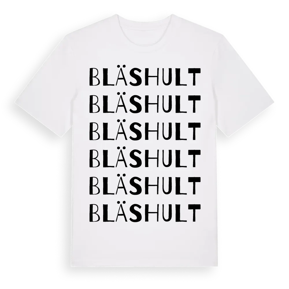 En ordlek byggd på Bläshults namn. Subtilt och klurig – ett motiv som bara de som verkligen känner platsen fullt ut förstår. Premium bomull, unisex – från byn Bläshult i Hallands län.
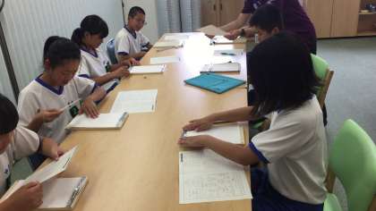 自分の名前を打った紙を支援学校の生徒に読んでもらい、ちゃんとできているか確認してもらいました。
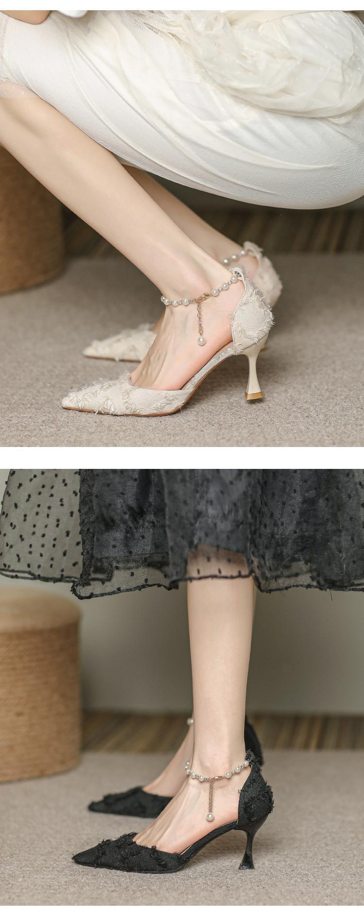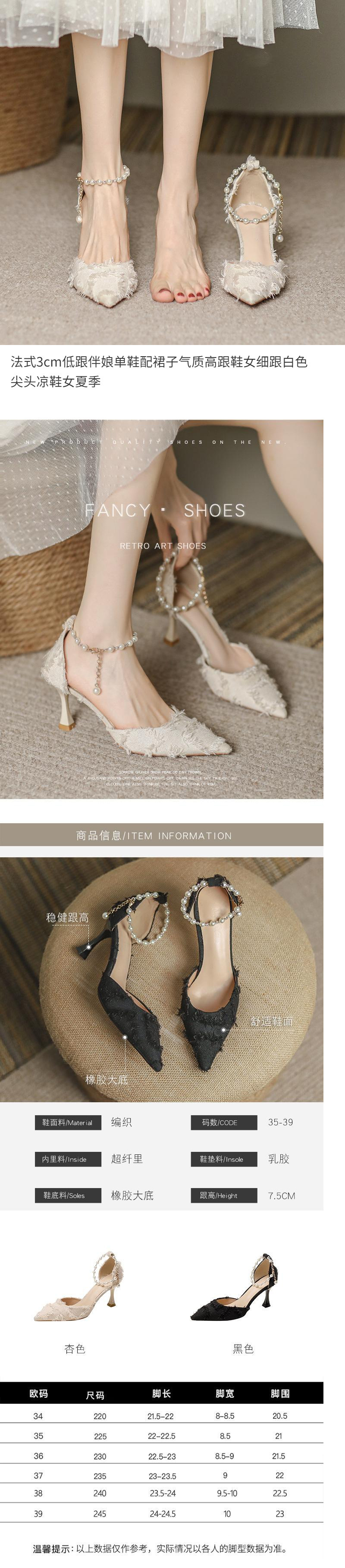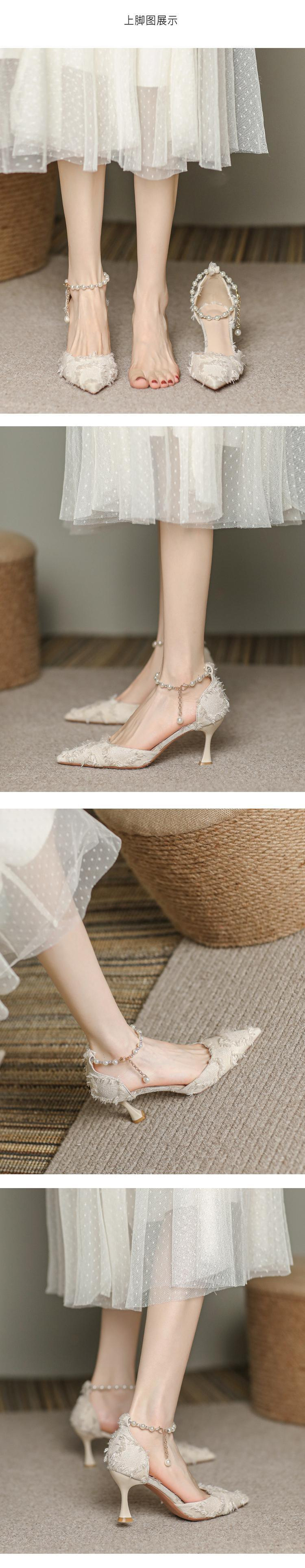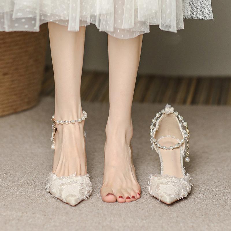 프렌치 스타일 3cm 로우힐 신부 들러리 슈즈와 스커트, 여성용 하이힐, 여성용 스틸레토 화이트 포인티드 토 샌들, 여름스토어 가기

• _What to do_: Once the pictures are removed, output the remaining material exactly.

• _Response to the exercise_:
 En ordlek byggd på Bläshults namn. Subtilt och klurig – ett motiv som bara de som verkligen känner platsen fullt ut förstår. Premium bomull, unisex – från byn Bläshult i Hallands län.
 自分の名前を打った紙を支援学校の生徒に読んでもらい、ちゃんとできているか確認してもらいました。
 프렌치 스타일 3cm 로우힐 신부 들러리 슈즈와 스커트, 여성용 하이힐, 여성용 스틸레토 화이트 포인티드 토 샌들, 여름스토어 가기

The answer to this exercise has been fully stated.